Dense Pedestrian Detection Based on Shifted Window Attention Multi-scale Equalization

doi:10.3778/j.issn.1673-9418.2303110

Abstract

Abstract: Due to the large differences in the shape and scale of pedestrian targets in real-world scenarios, compared with traditional methods, which often have lower average accuracy in pedestrian detection, transformer-based networks with attention mechanisms have shown strong performance in the field of pedestrian detection. However, there are still some difficulties in multi-scale detection in dense scenes. In dense scenes, there are usually a large number of occluded or small-scale pedestrian targets, leading to a large number of false and missed detections, as well as a significant amount of computing resources.

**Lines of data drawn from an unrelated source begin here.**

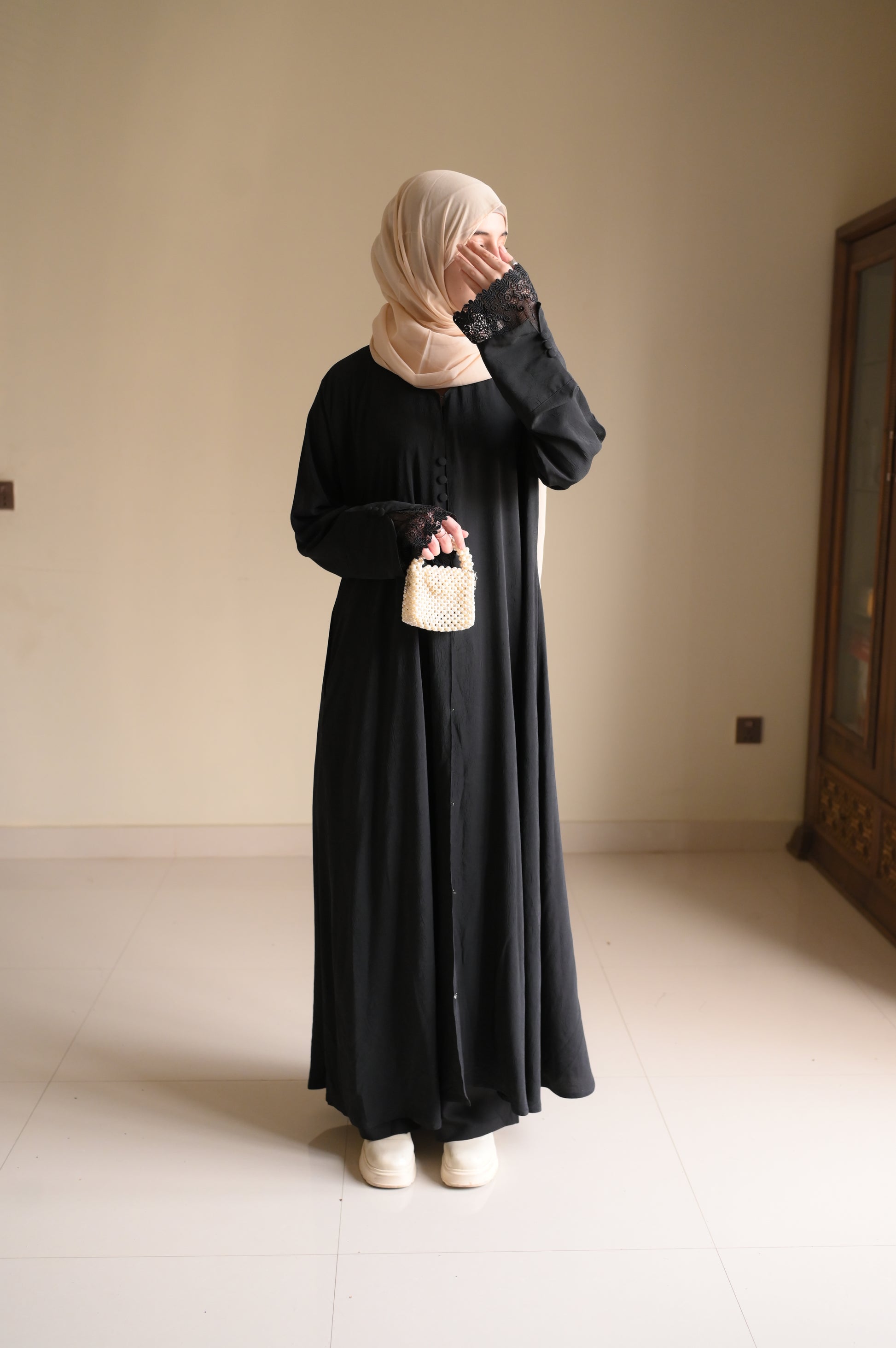- Style: Coat-style design offering structured elegance and modern modest fashion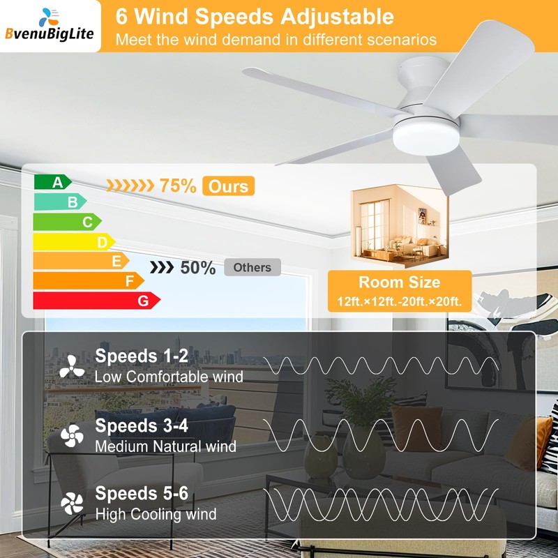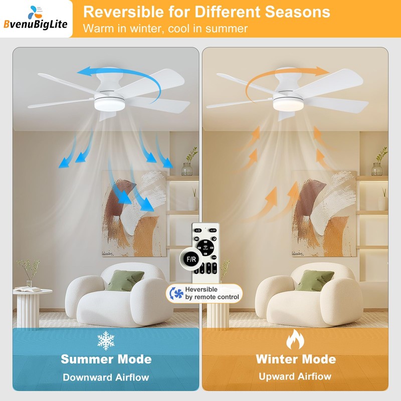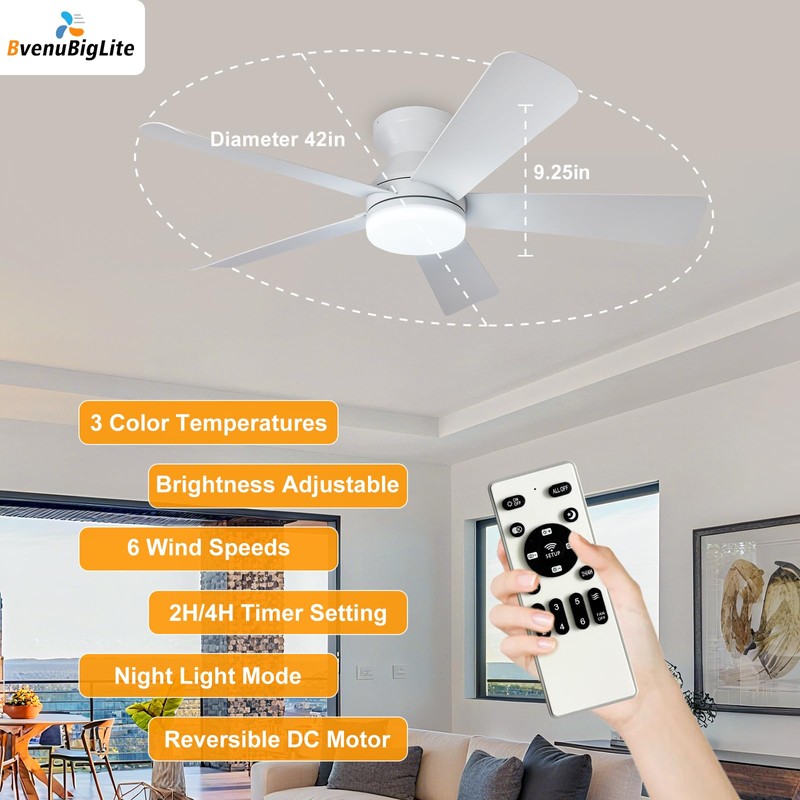 - 【Modern Ceiling Fans with lights and Remote】BvenuBigLite 42'' ceiling fans with lights can be controlled via a multi-functional remote control, bringing convenience to your life. Not only can you adjust 3 light color temperatures (3000K-6500K) and brightness (10%-100%) of the light, but also set 6 wind speeds and 2H/4H timer. You can also set the reverse mode of the fan blades. In addition, the White ceiling fan with light can also be set to a night light mode, providing you with a comfortable sleeping environment.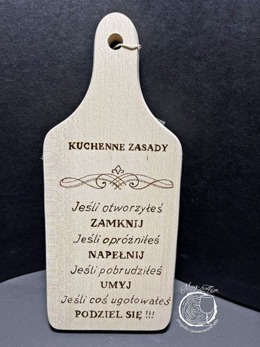 Ręcznie wypalana deska z zabawnymi kuchennymi zasadami to praktyczna i dekoracyjna ozdoba każdej kuchni. Tekst został wykonany metodą pirografii, dzięki czemu jest trwały i odporny na ścieranie.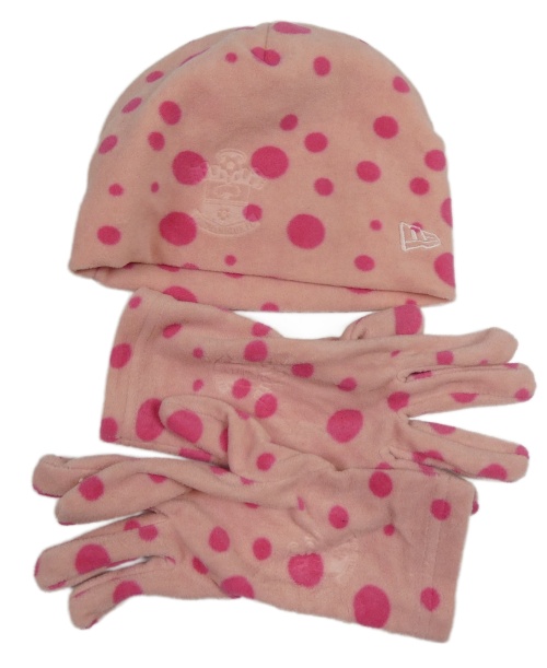2set - Růžová puntíkatá fleecová čepice + prstové rukavice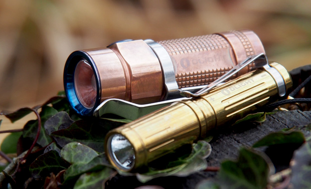 奥は限定5,000個の銅製モデル。手前は真鍮モデル。他にもチタン製などを出している。ともにOlight社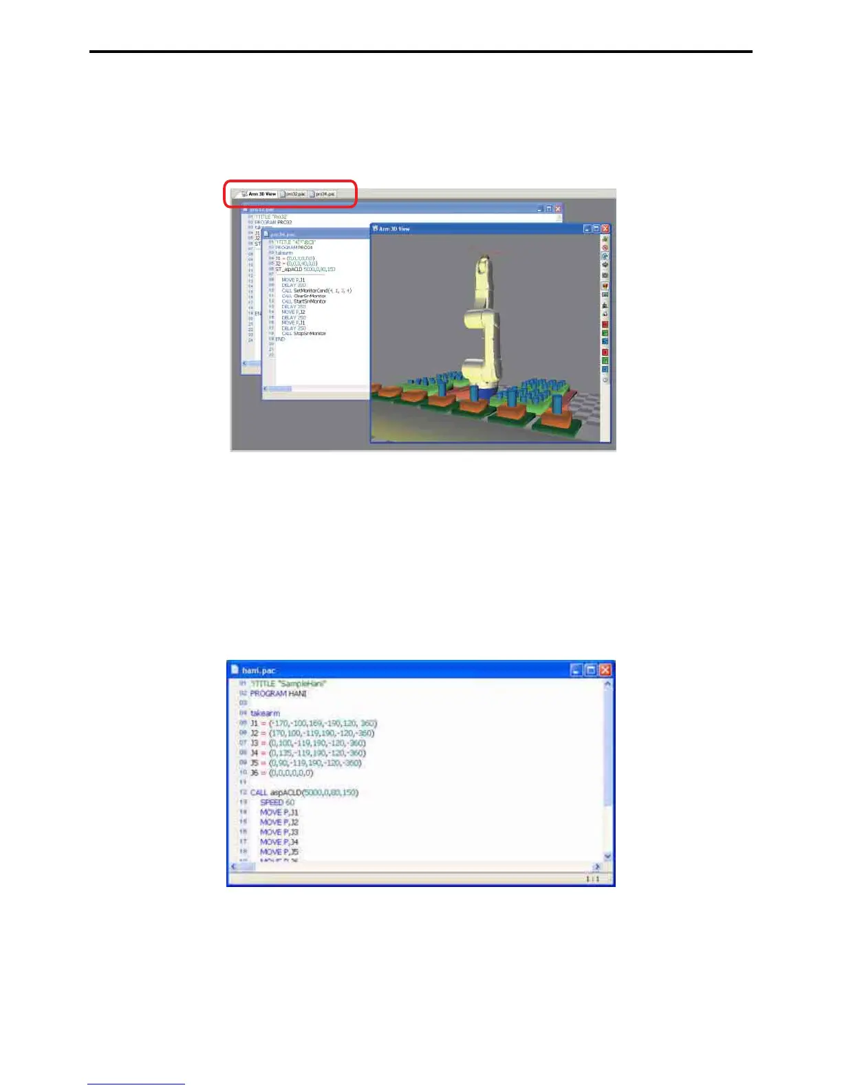 This displays the following window types: Arm 3D view, Vision monitor, and Program edit. If there is a robot con-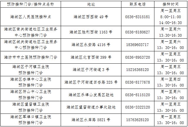 (一)重点人群中的因公、因私出国工作、学习人员,有接种需求且年龄在18-59岁之间的成人可联系潍城区人民医院接种点预约接种,预约电话:0536-8315181。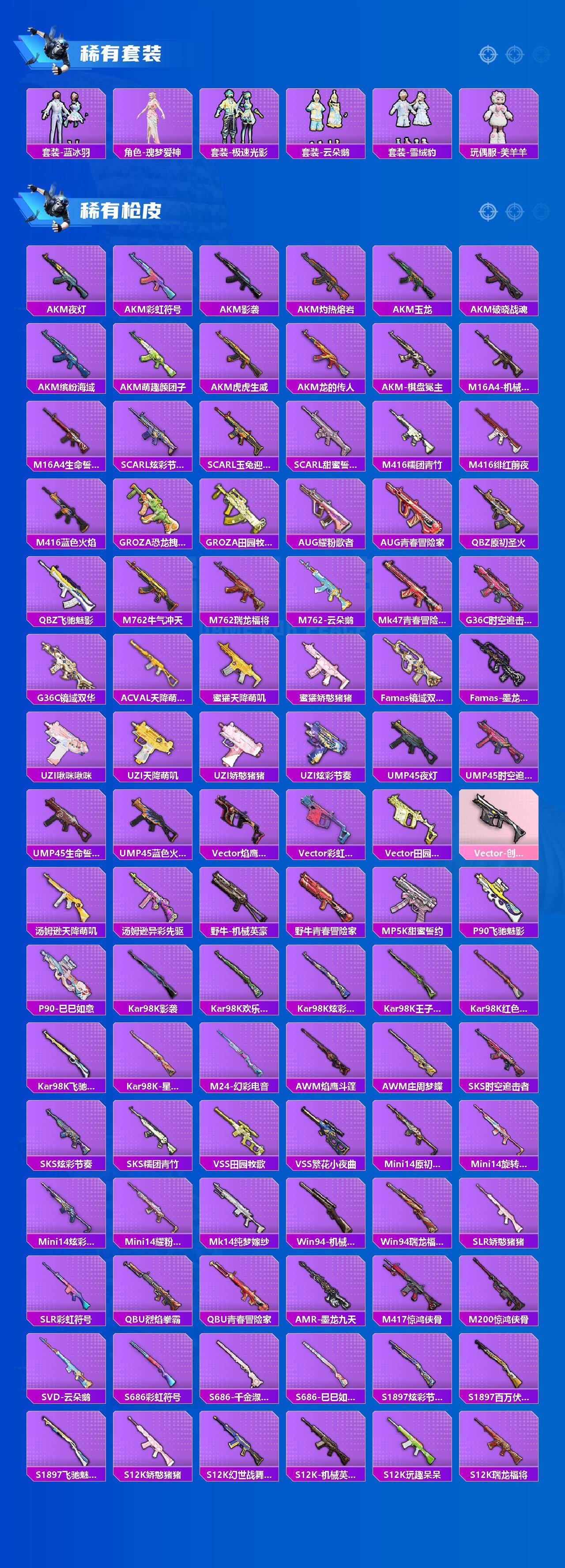 【粉色枪皮】:AKM-梦之光华,M416-心之恋语,M416-墨龙九天,GROZA-巴啦啦小魔仙,AUG-星梦奇缘,M762-甜蜜誓约,ACE32-萌骑漫游,Kar98K-巳巳如意,M24-镜域双华,Mk14-甜梦熊击,Mk14-福马献瑞,DP-28-豹影疾电,MG3-酷泡奶龙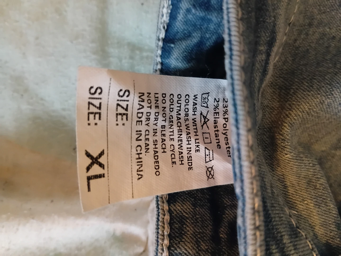 These light wash jeans are made from a polyester and elastane blend. They're a size XL and made in China. Perfect for everyday wear!

Additionally, accurate detection of all targets becomes extremely difficult when pedestrian targets overlap significantly. To address these issues, a dense scene multi-scale pedestrian detection algorithm based on shifted window attention is proposed. Using modified Swin blocks in backbone enables the network to extract more detailed features while reducing the heavy computational burden brought by attention mechanisms. To effectively solve the feature fusion problem, DyHead blocks are used in the neck to unify multiple attention operations, thereby improving feature fusion efficiency. To address the feature balance issue, a feature scale-equalizing module based on full connection is designed, which constructs different residual structures between various levels of the feature pyramid to balance features and assist the model in generating higher-quality feature maps. Experimental results on the WiderPerson dataset show that this algorithm improves AP value by 1.1 percentage points, with 1.0 and 0.7 percentage points improvement in the most important small and medium targets, respectively.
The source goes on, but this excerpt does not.